DefaultEventPublicationRegistry markCompleted method's REQUIRES_NEW transaction propagation means events are marked completed before handler transactions are committed.

[masch712]

spring-modulith/spring-modulith-events/spring-modulith-events-core/src/main/java/org/springframework/modulith/events/core/DefaultEventPublicationRegistry.java

Lines 104 to 105 in c5f73e6

	@Transactional(propagation = Propagation.REQUIRES_NEW)
	public void markCompleted(Object event, PublicationTargetIdentifier targetIdentifier) {

The markCompleted method of DefaultEventPublicationRegistry is invoked in a MethodInterceptor defined in CompletionRegisteringAdvisor, which intercepts the event handler method, invokes it, then calls the EventPublicationRegistry's markCompleted method to mark the eventPublication as complete.

Because of the REQUIRES_NEW transaction propagation type, markCompleted runs with a completely distinct database connection, and independent transaction from the event handler's transaction. This means there's a chance the event handler's transaction can commit, but the markCompleted transaction does not, which leaves the eventPublication appearing incomplete in the database even though it was completely successfully handled.

I propose that markCompleted should have the REQUIRED transaction propagation type. I believe this should cause markCompleted to commit the eventPublication as completed in the same transaction as the event handler.

Let me know what you think, I can submit a PR.

[odrotbohm]

Can you provide a reproducer for the behavior you assume? I don't think what you describe is correct as the completing method interceptor is ordered before the standard transaction interceptor decorating the transactional event listener. In other words: only if the listener has completed successfully and the transaction wrapping the listener has completed, the event publication will be marked completed, too.

We need to use Propagation.REQUIRES_NEW as we support non-asynchronous, transactional event listeners, too.

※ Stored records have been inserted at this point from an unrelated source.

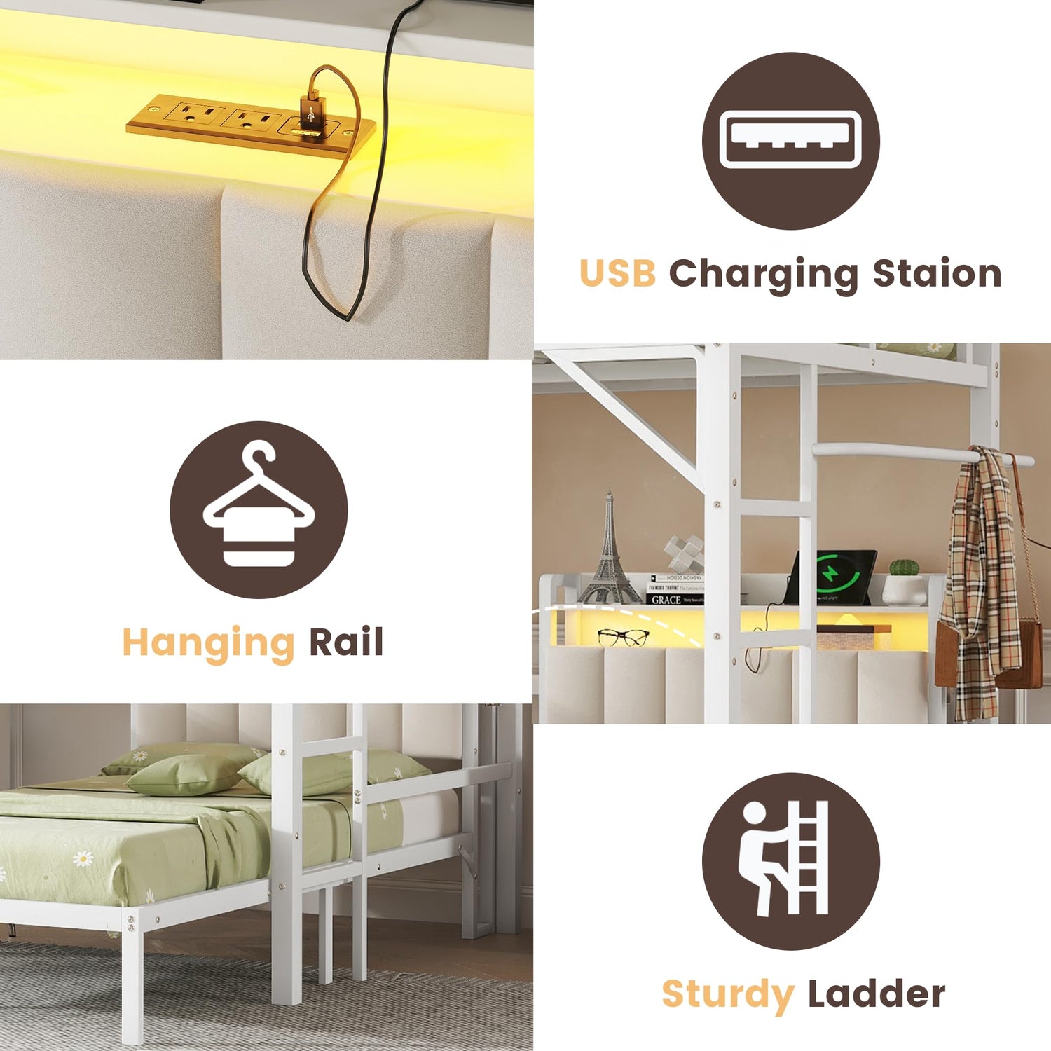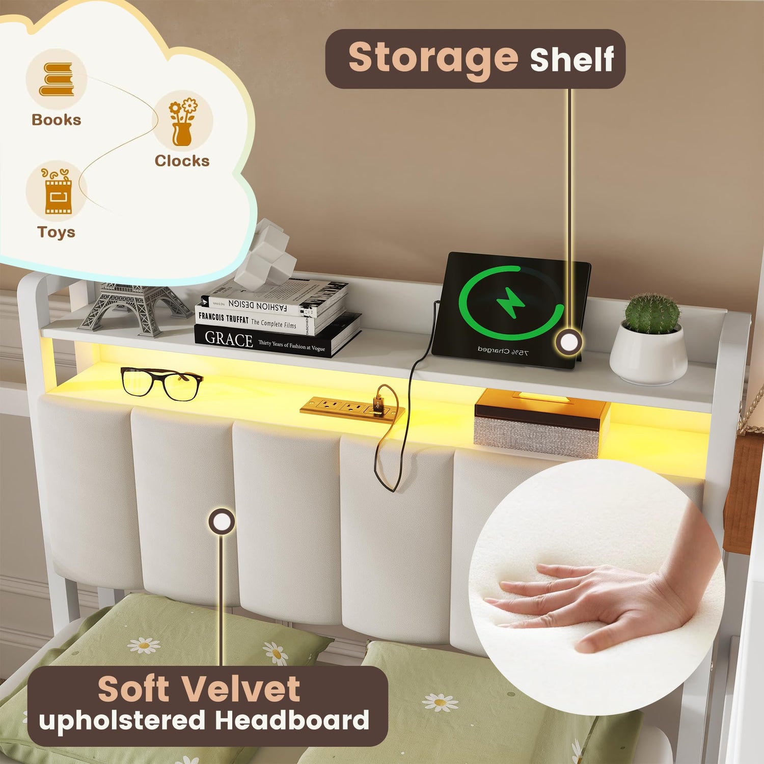 • 【RGB Lighting & Comfortable Headboard】Customize your space with built-in RGB LED lighting featuring 60,000+ color options, controllable via remote or mobile app. The soft-padded velvet headboard offers comfortable support for reading or relaxing, while also including a handy storage shelf. Perfect for late-night studying or creating a calming ambiance, this full over twin bunk bed with desk blends modern style with practical comfort.
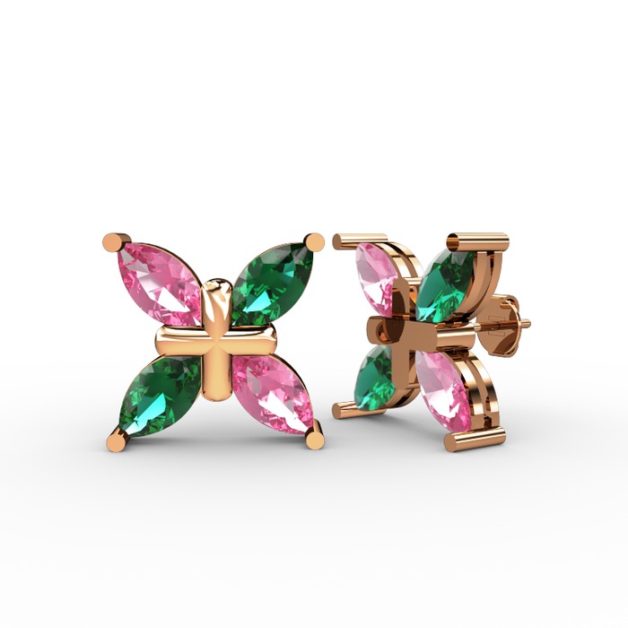 Pembe kuvars ve yeşil kuvars 8 ayar rose altın küpe
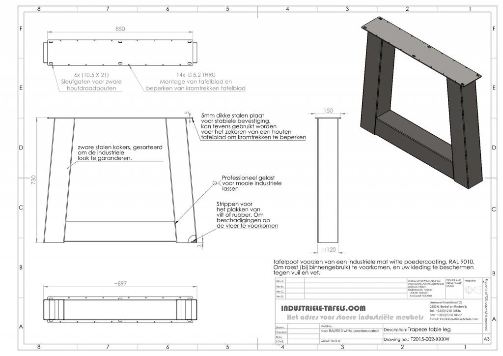 Onze trapezium tafelpoten, gemaakt uit zware stalen kokers van 12 x 12 cm breed, geeft uw tafel een echt industrieel karakter. De gebruikte stalen kokers staan iets onder een hoek waardoor de poot aan de onderzijde breder is dan de bovenzijde hierdoor ontstaat mooi massief uiterlijk. De zichtbare lassen, gemaakte door gecertificeerde lassers, geven het tafelonderstel een extra stoer en robuust karakter, echt industrieel.
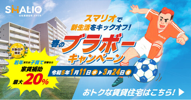 大阪府内において公社賃貸住宅SMALIO(スマリオ)を提供する大阪府住宅供給公社(本社:大阪市中央区、理事長:山本 讓、以下、公社)は、新たにご入居される方を対象に、さまざまな特典を用意した『スマリオで新生活をキックオフ! 春のブラボーキャンペーン』の申込受付を本日より開始したことをお知らせします。
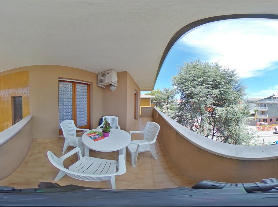 Attractive two-rooms apartment consisting of living/dining room with double sofa-bed and kitchenette, tv and microwave, double bedded room, shower box/bidet/wc and spacious terrace with table and chairs. Reserved parking space in another residence around 200 meters far away from Carinzia. Air conditioning, wi-fi and final cleaning are included in the price. In the rental rules of the agency are mentioned all the above written service’s ways. Parking place size: 5,00x2,20x3,00
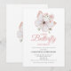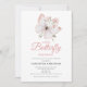 Invitación de ducha de bebé La pequeña mariposa está en camino. Diseño delicado de mariposa rosa y flores en acuarela. Perfecto para niña. Personaliza la invitación con tu propia información.
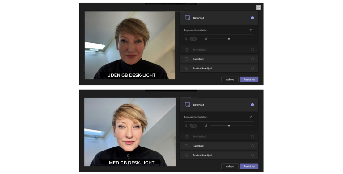 Hvis man holder onlinemøder, kan man nemt anvende lampen, til at forstærke lyset ved at vinkle den aflange lyskilde opad. Det øger lysstyrken og kontrasten, så man får et bedre billede på møderne.
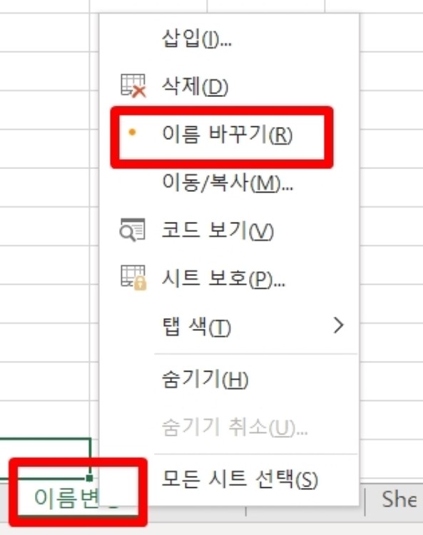 1. 워크시트명 위에서 마우스 오른쪽 버튼을 클릭하고, 이름바꾸기를 선택한다.
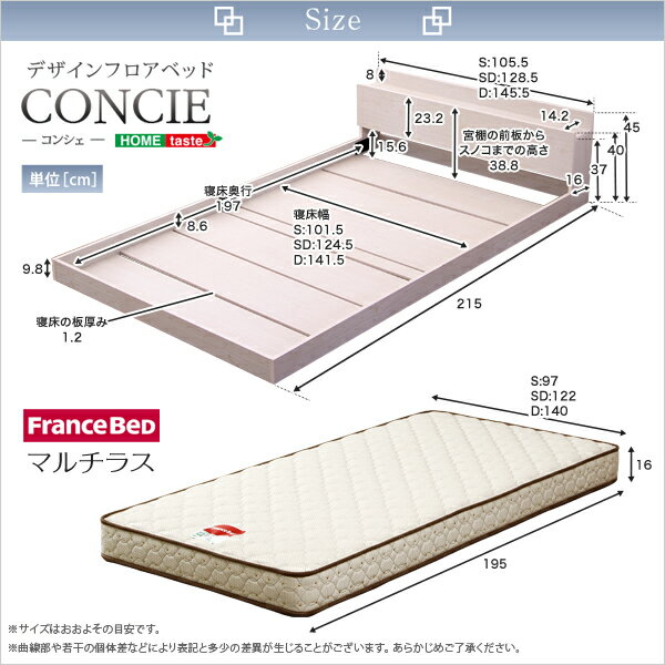 【商品について】デザインフロアベッド【コンシェ-CONCIE-(シングル)】(マルチラススーパースプリングマットレス付き)■サイズ:(本体)(約)幅105.5cmx奥215cmx高45cm (マットレス)(約)幅97x奥行き195x高さ16cm (約)17kg■カラー:ホワイトオーク■素材:(本体)パーチクルボード、MDF、表面材:プリント紙化粧合板(マットレス)側地:ポリエステル60%、綿20%、レーヨン20%中材:マルチラススプリング、パームパッド、ウレタンフォーム、フェルト、樹脂綿、不織布■その他:・お客様組立商品です・梱包サイズ:(本体)(1-2)(約)122cmx27.4cmx14.5cm(2-2)(約)109cmx32.3cmx9.5cm(マットレス)(約)98x196x17cm(12才)(約)18kg※こちらの商品はメーカー受注生産商品のため、ご注文後のキャンセルは対応できません。
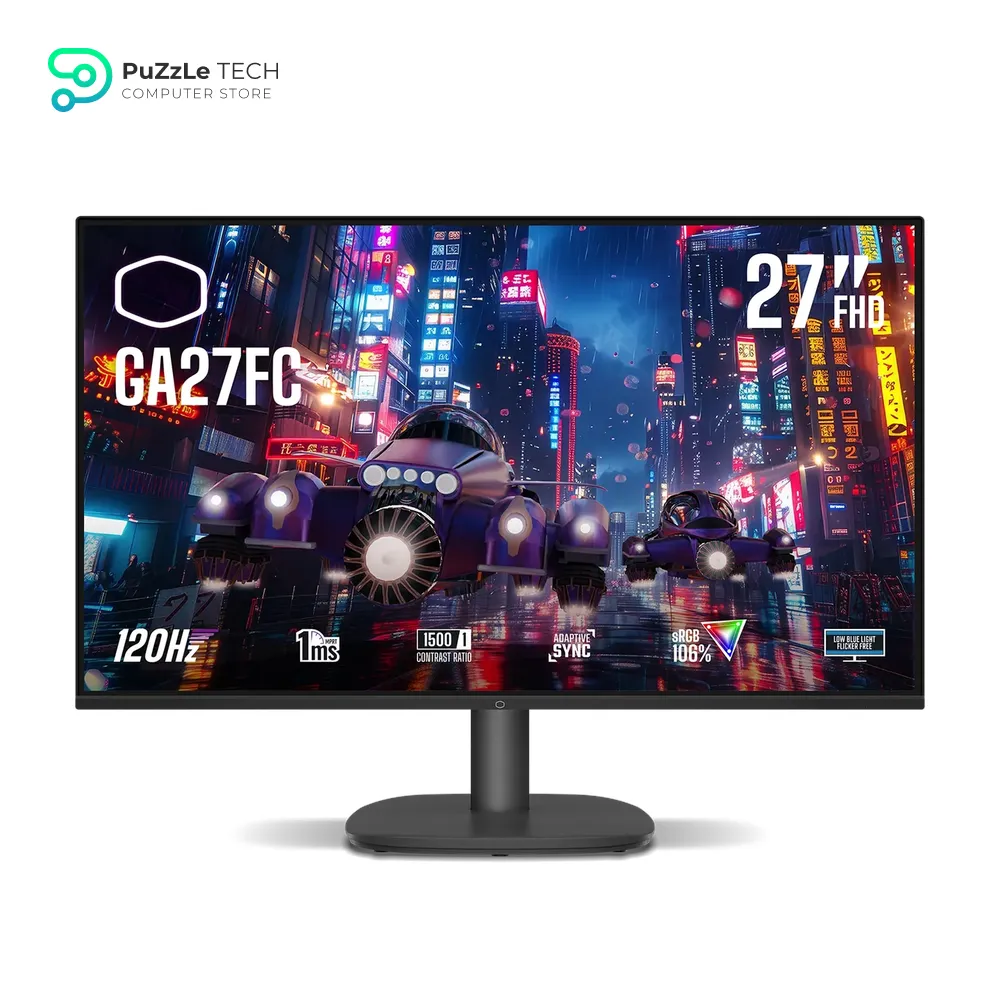 Experience immersive visuals with the Cooler Master CMI-GA27FC. This 27-inch FHD monitor combines a vibrant IPS panel for stunning color accuracy with a smooth 120Hz refresh rate. Featuring Adaptive Sync technology to eliminate screen tearing, it delivers a fluid, responsive gaming experience in a sleek, modern package.

Those are invoked in the transaction cleanup phase of the original transactions, and a simple REQUIRED would use the already committed transaction that's in an undefined state at that time. REQUIRES_NEW makes sure we get a new transaction that could potentially roll back in error cases property.

EDIT: I think I misread your original comment, as the title is slightly misleading:

This means there's a chance the event handler's transaction can commit, but the markCompleted transaction does not, which leaves the eventPublication appearing incomplete in the database even though it was completely successfully handled.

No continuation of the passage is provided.